Questi a ben vedere sono i temi dell’ultimo film di Ridley Scott, Un’ottima annata: la scoperta di uno spazio significativo da dedicare a se stessi, per curare i propri hobby, per impegnarsi in uno sport, per vivere in famiglia e con gli amici.
L’avvento della kitchen plaza
Non a caso, il fenomeno del neo-lusso investe in misura considerevole la cucina, che torna ad essere il cuore della casa e lo spazio principale dedicato alla relazione con gli altri. Francesco Morace(2) parla a questo proposito di ‘avvento della kitchen plaza’: la cucina come crocevia di tutte le funzioni abitative, spazio di vita più ricco e più importante della casa. Un luogo magico e simbolico, dove l’alta tecnologia e la polisensorialità si danno convegno, rispondendo alla domanda di intensità percettiva e di emozionalità , oltre che di funzionalità , nella relazione con l’oggetto d’uso quotidiano. Contrariamente ad ogni previsione, marche come Miele, Viking, Whirlpool, Franke sono riuscite in questi anni a trasformare gli elettrodomestici inseriti in questo ambiente in veri e propri oggetti da esposizione, simboli di raffinatezza, autorealizzazione, intelligenza e autenticità , beni capaci di entrare in connessione emotiva con i loro proprietari.
Relax e piccoli assaggi
La sfida del lusso accessibile investe da ultimo il retail: MPreis è una catena austriaca di generi alimentari, che ha dato ampio risalto alle sollecitazioni emotive e sensoriali. Non più anonime superfici espositive: il supermercato di Wattens, progettato da Dominique Perrault, è un grande corpo di vetro fluttuante, che di notte si illumina dall’interno, proiettando i contorni dei prodotti come ombre cinesi.

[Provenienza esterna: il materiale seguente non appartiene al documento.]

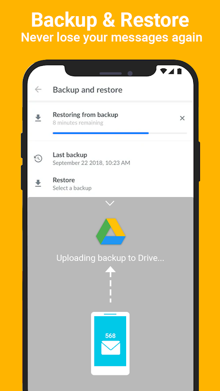 + Backup SMS & MMS messages to cloud, messages never get lost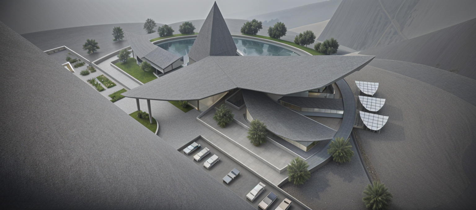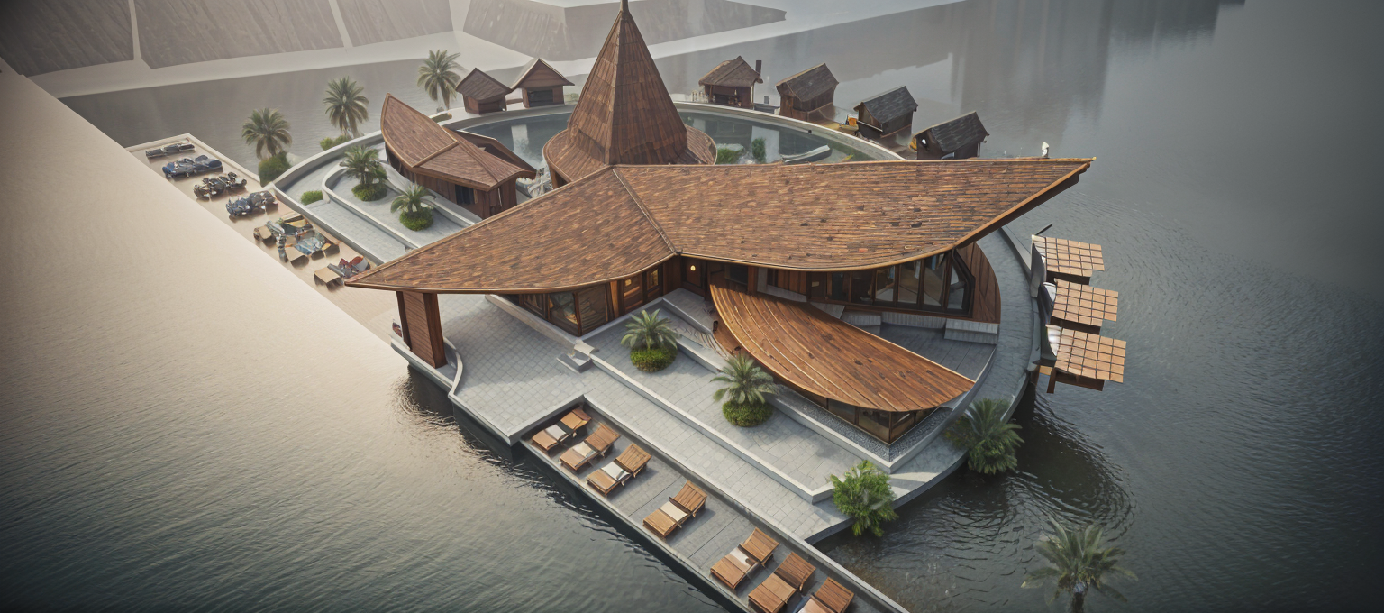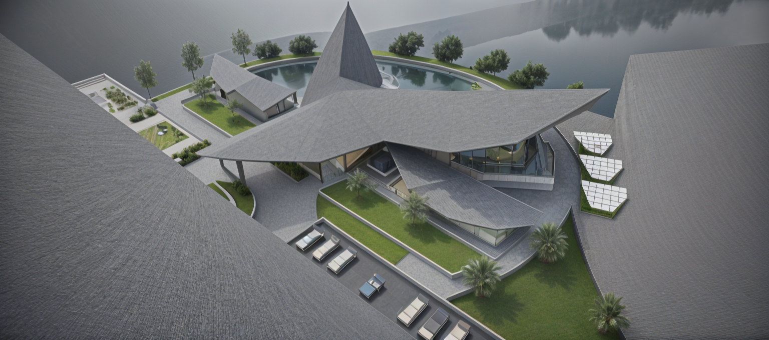 wide angle shot 1 your specialist of making a 3d render realistic 2 thing not to do don t do noting with physical of building don t do noting with roof building 3 things i would like you to do atmosphere warm tree around building lake around area like reference roof wood color realistic natural scene building in lake around with grass field front of building public mainroad architecture
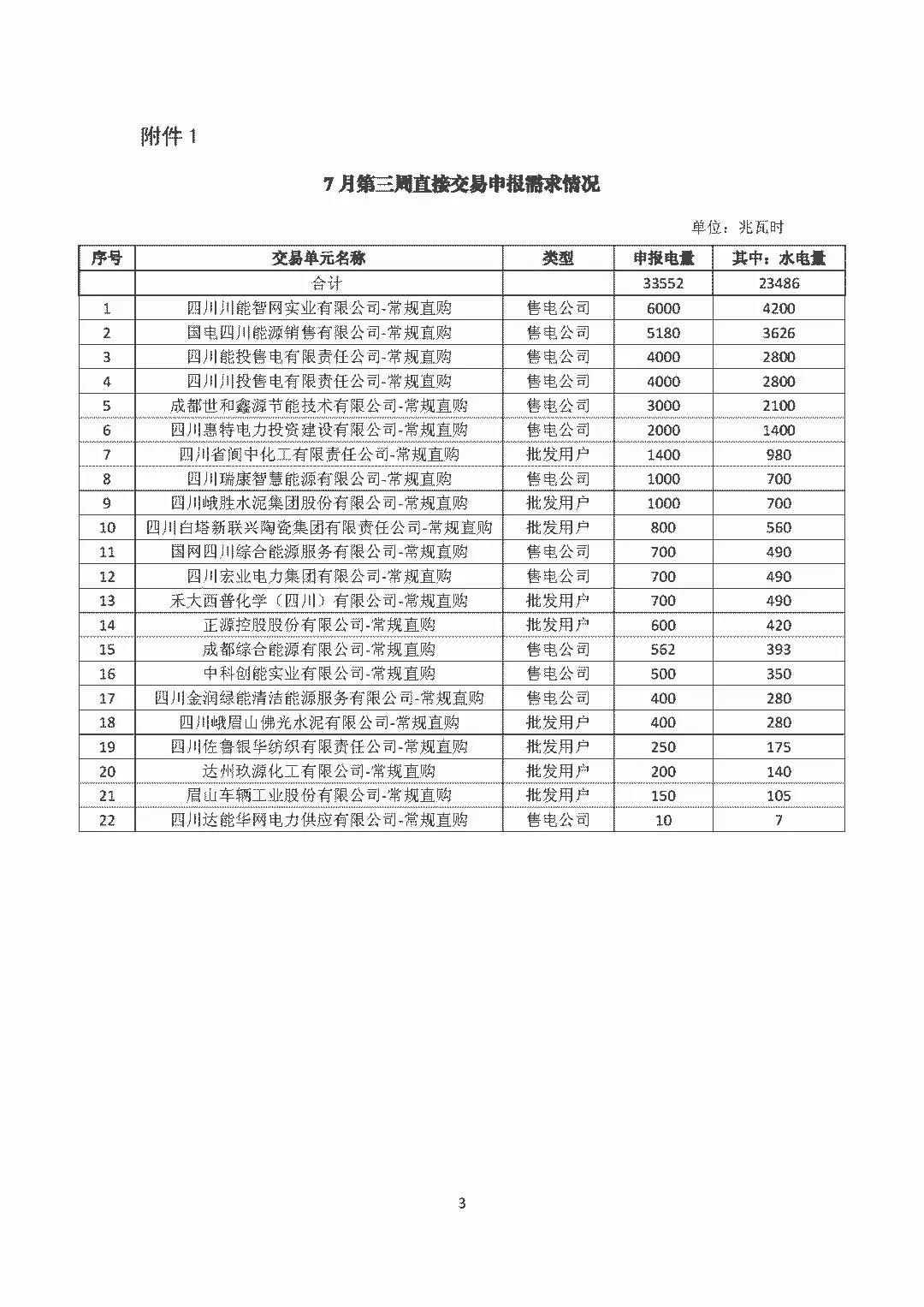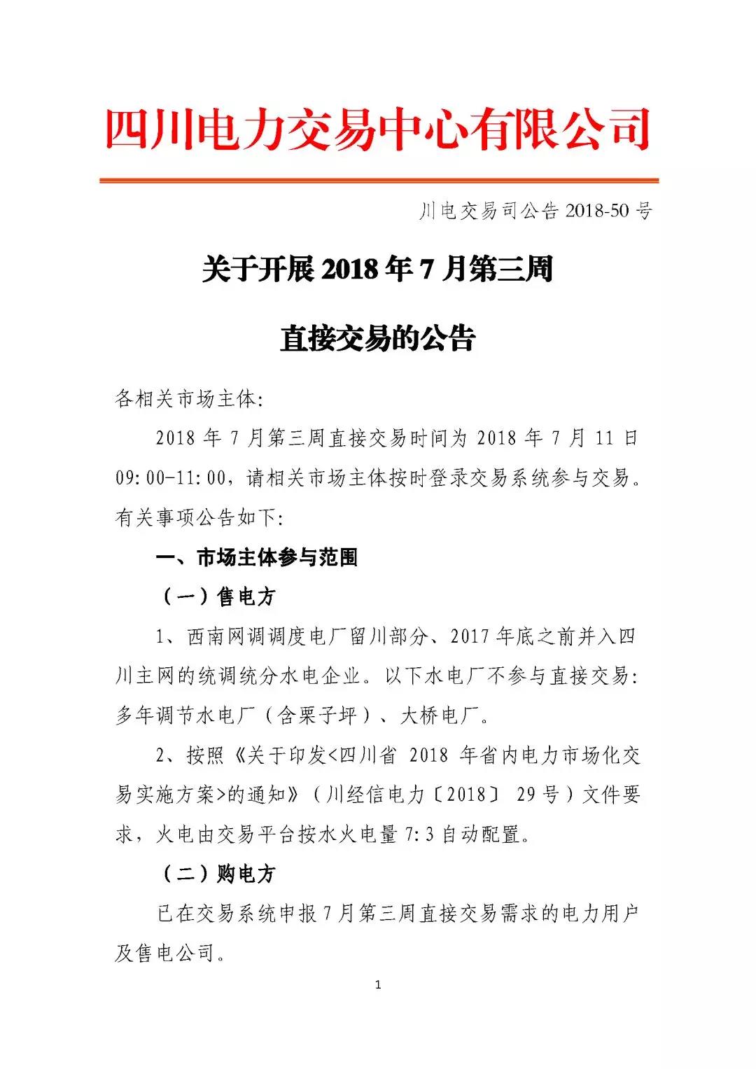 四川關(guān)于開展2018年7月第三周直接交易的公告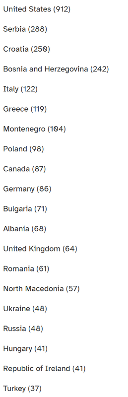 Top 10 Countries With DNA Matches (MyHeritage)

Gli interni coloratissimi sono accesi dalla luce del sole e dai panorami che si aprono sull’ambiente circostante. Un’area caffé si offre per momenti di relax e piccoli assaggi.

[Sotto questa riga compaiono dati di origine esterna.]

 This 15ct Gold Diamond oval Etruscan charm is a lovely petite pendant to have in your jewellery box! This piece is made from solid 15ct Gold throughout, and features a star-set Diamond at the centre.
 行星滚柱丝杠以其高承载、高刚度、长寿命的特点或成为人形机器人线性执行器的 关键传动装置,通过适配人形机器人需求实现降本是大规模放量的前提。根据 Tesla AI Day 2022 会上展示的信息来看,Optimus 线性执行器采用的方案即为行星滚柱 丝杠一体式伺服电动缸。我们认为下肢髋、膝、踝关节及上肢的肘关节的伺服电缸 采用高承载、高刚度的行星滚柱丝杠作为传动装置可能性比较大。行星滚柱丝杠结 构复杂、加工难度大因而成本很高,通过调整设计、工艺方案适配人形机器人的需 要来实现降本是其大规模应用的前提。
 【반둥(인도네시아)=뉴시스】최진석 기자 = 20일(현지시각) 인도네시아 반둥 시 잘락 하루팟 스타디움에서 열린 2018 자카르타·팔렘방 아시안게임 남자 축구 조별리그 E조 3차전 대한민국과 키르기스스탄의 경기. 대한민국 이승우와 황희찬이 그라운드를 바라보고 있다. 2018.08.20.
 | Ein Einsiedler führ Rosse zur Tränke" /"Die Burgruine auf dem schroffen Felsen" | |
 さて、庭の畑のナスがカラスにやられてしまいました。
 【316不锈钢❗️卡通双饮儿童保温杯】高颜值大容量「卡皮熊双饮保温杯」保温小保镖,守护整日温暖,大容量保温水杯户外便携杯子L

E in Italia? Finora il fenomeno aveva riguardato le marche degli stilisti. Oppure casi singoli (Cargo, Corso Como, Fiorucci, Hi-Tech): esperienze isolate e difficilmente replicabili. Ma ora anche grandi catene come Coin e Rinascente si avvicinano a questo trend. Trasformando i propri punti vendita: non più ‘negozi’, ma spazi d’incontro e di relazione, ricchi di sollecitazioni e di idee, da condividere e da esplorare. Luci, suoni, colori, profumi, atmosfere rendono lo shopping una vera e propria ‘festa’ per tutti i cinque sensi.
(1) F. Bonazzi, Dink, Roma, Castelvecchi, 2001.
(2) F. Morace, Living Trends. I 5 scenari e la 10 tendenze della domesticità e dell’abitare, Milano, Scheiwiller, 2006, pp. 17-20.